Consider FDR's creation of social security amidst the depression of the 1930s. This holy grail of entitlement programs was created in order to motivate fearful seniors to vacate jobs, and so increase employment among the nation's younger workforce. While effective at easing older workers out and bringing younger workers in, the program became so entrenched that we continue to hand out social security checks today. Even as the Congressional Budget Office says that the nation can ill-afford to do so, especially as the nation's largest-ever generation stands on retirement's doorstep.
What would those who created this nation think of today's redistribution systems? Of Washington's insistence that only larger government, collecting more revenue, distributed to a wider swath of the population, is capable of handling the nation's moral obligations?
How would Franklin, Jefferson, Vanderbilt and Edison feel about comments like, "You didn't build that"? Or of the denigration a presidential candidate receives for sloppily yet honestly referring to the nation's 47 percent who pay little to no taxes and yet are the beneficiaries of the majority of the government's largesse?
This, even as the talk of welfare reform acknowledges the idea that programs meant to elevate the nation's poor have instead trapped them in a seemingly permanent state of poverty and dependency.
Yes, the nation needs to act upon the outrageous sums being earned by fat-cat bankers who made millions even as they received bailouts.
Conversely, the nation needs to do something about the pole-cat citizenry who've figured out a means to game the system, and thus the taxpayer, in order to maintain a lifestyle with no responsibility.
Wage disparity and wealth inequality have long existed. So long as there was property to be traded, purchased and sold, some have earned more than others. Yet, do we help the situation when large facets of the population are being drained of their ambition, desensitized to the idea of personal achievement, all under the banner of moral obligation?
The nation's poor, sick and indigent are unfairly treated when many of the funds raised by our progressive tax-and-transfer system go to those who don't need it.
What happens when our democratic republic's majority vote itself ever-increasing benefits at the cost of an exhausted and depleted minority?
The nation's founders would be uncomfortable with the government centralization of moral obligation. With conferring all social responsibility to Federal administrators who have lost billions of dollars attempting to simply deliver the mail.
Nor are these failures all do to incompetence. Many of these issues are simply too complex to be solely handled by Federal bureaucracies lacking the accountability that accompanies a profit motive. Why is it that the U.S. Postal Service lost $16 billion last year, yet U.P.S. and FedEx earned billions?
Would the Duc De La Rochefoucauld-Liancourt even recognize today's United States? Would he stand upon her shores and, again, praise her energy and resourcefulness?

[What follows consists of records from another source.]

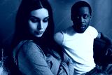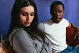 Young interracial couple of white woman and black man has a quarrel, closeup. Girl is offended, not talk, hurt feeling, anger concept.
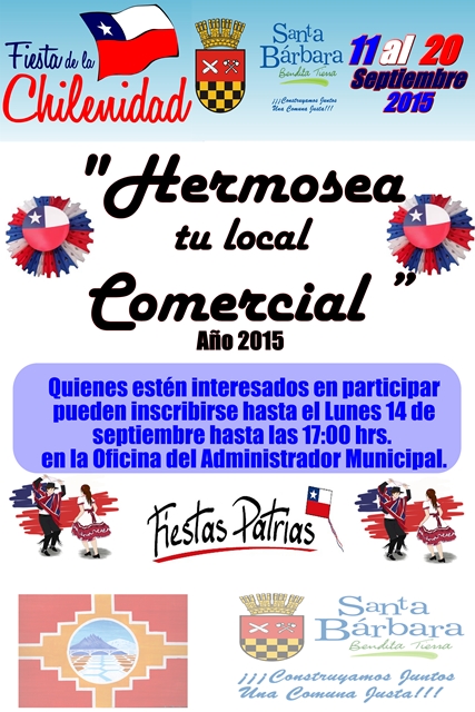 En la celebraciones de Fiestas Patrias año 2015, su alcalde de la Municipalidad de Santa Bárbara, Daniel Salamanca Pérez, invita a todos los comerciantes y microempresarios de Santa Bárbara a participar del Concurso “Hermosea tu local Comercial,”. Esto, con el propósito de incentivar la ornamentación y decoración en los establecimientos comerciales, generando un ambiente de celebración en estas fiestas patrias, además de incentivar la participación de los microempresarios y comerciantes en las celebraciones típicas de nuestra comuna, aportando al desarrollo turístico de este.
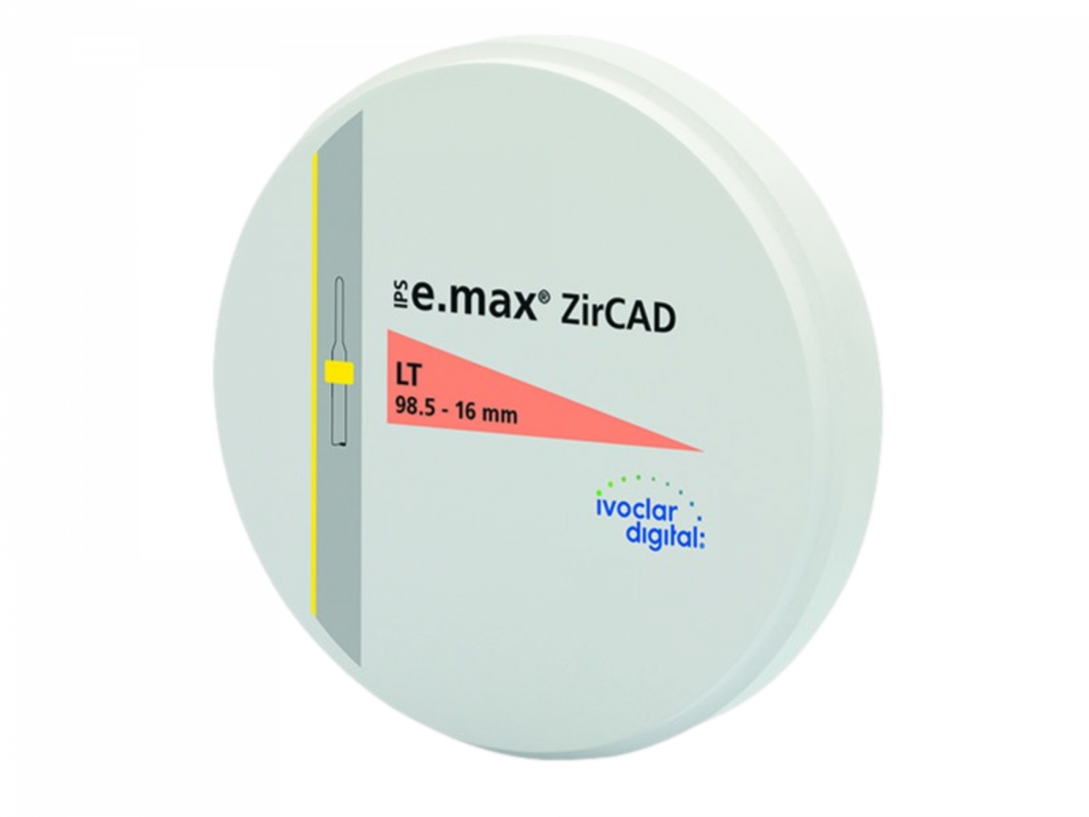 IPS e.max ZirCAD LT sono dischi monocromatici, altamente resistenti (1200Mpa), disponibili nella variante in bianco oppure nella variante precolorata dei gruppi di colore A-D.
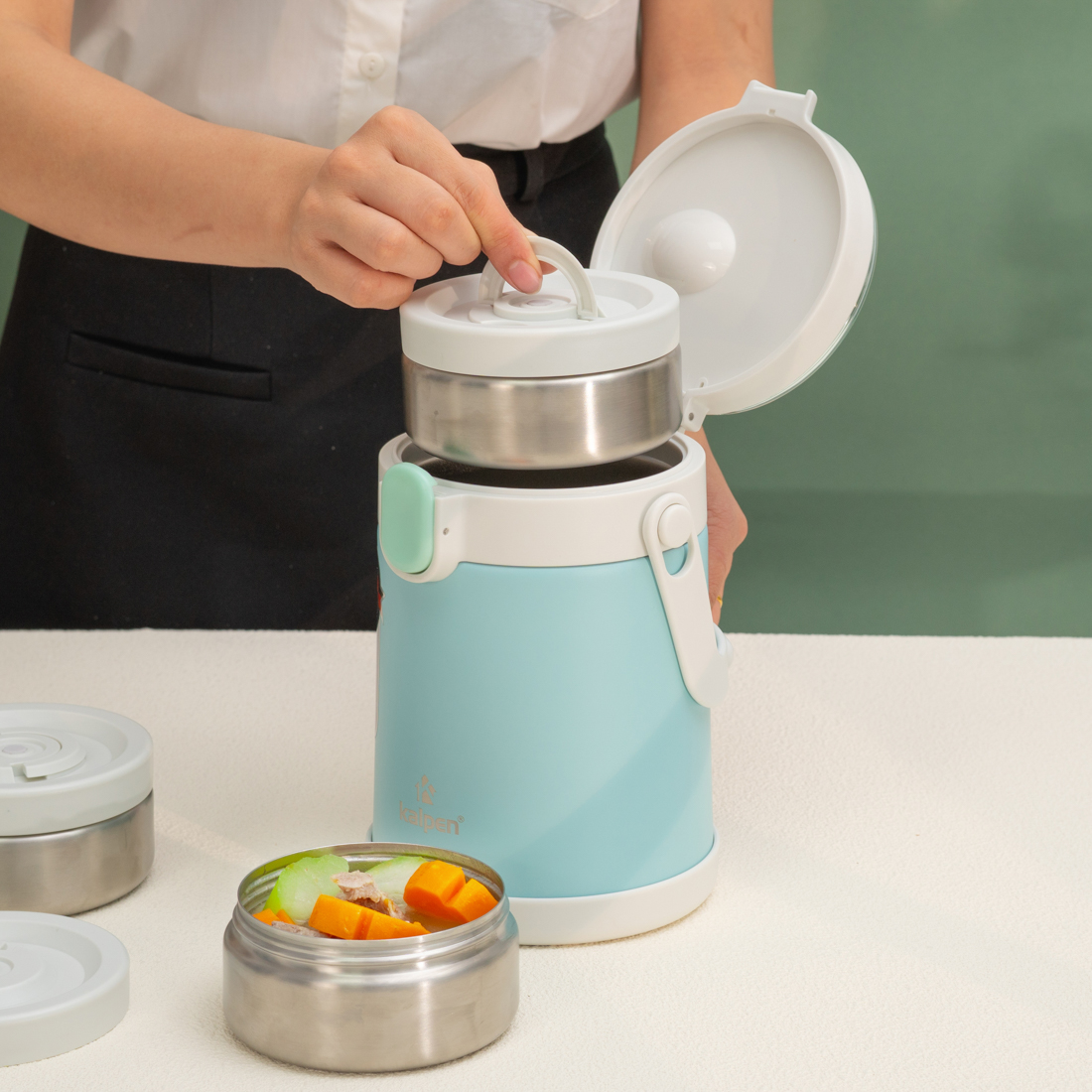 Ngoài sử dụng để mang cơm trưa, hộp cơm giữ nhiệt Kalpen E7 còn phù hợp để đựng đồ ăn dặm cho bé, cháo soup.. khi đi cắm trại, dã ngoại…
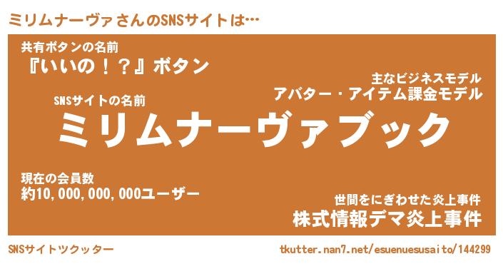 | 欧米人風あだ名 | 『マイケルミリムナーヴァ』 |
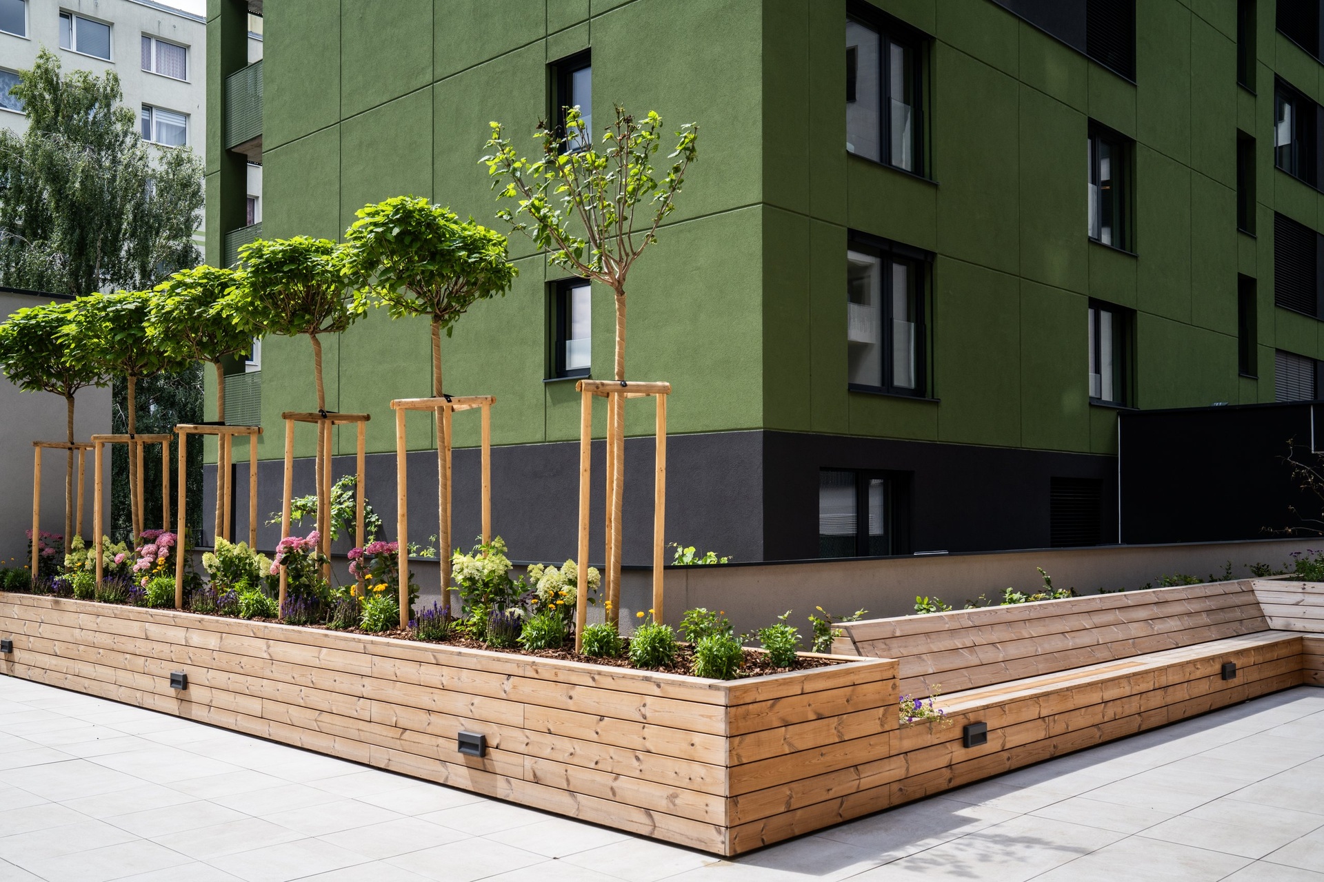 Východně orientovaný balkon je přístupný z obou obytných místností, zatímco jižně orientovaný balkon je přístupný z obývacího pokoje. Nabízejí výjimečný venkovní prostor pro relaxační část, odpočinek, posezení i městské zahradničení.
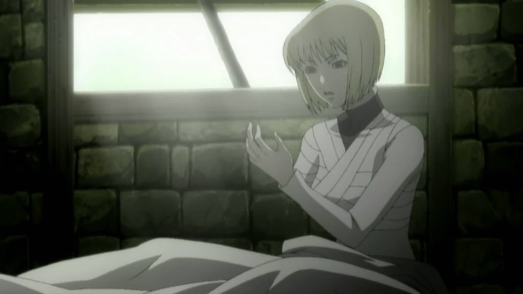 In one motion, this stranger hits Ophelia on almost every part of her body. This also uncloaks her, and Clare recognizes the person as none other than Quick Sword Ilena, the same person who had been sent to kill Teresa. However, Clare loses consciousness soon after and when she wakes up again, she finds herself in bed in Ilena’s cabin. After Ilena tells her that she blacked out after attaching her hand and has been asleep for a week, Clare panics because she has something she has do, but Ilena shoves her back onto the bed. Ilena knows that Ophelia isn’t dead, and without her sword arm, Clare now has to fight with only her other one. After telling Clare to think about her place, Ilena heads outside to practice her technique on a tree. Clare comes out once she’s eaten a bit, and, because Ilena asks how Clare knows her name, Clare recalls everything that happened with Teresa. This causes Ilena to question if Clare has Teresa inside of her and deduces that Clare wants to go after Priscilla. She warns Clare against it because Priscilla’s power is overwhelming, especially for someone like Clare who is only one-fourth Yoma since she took on Teresa’s blood instead of going through the normal procedure.

Or, might be respond as one might at a 30-year high school reunion when, upon seeing the one-time class valedictorian and football captain, one realizes that time has not been kind. That a once studious, effervescent young man has seen his better days.
Perhaps the nation's next iteration will be different, yet more evolved and equally spectacular.
Still, there can be no doubt to even the casual observer that an industrious, fledgling democratic republic has, in some respects, lost its religion.
Hopefully, it still maintains its faith.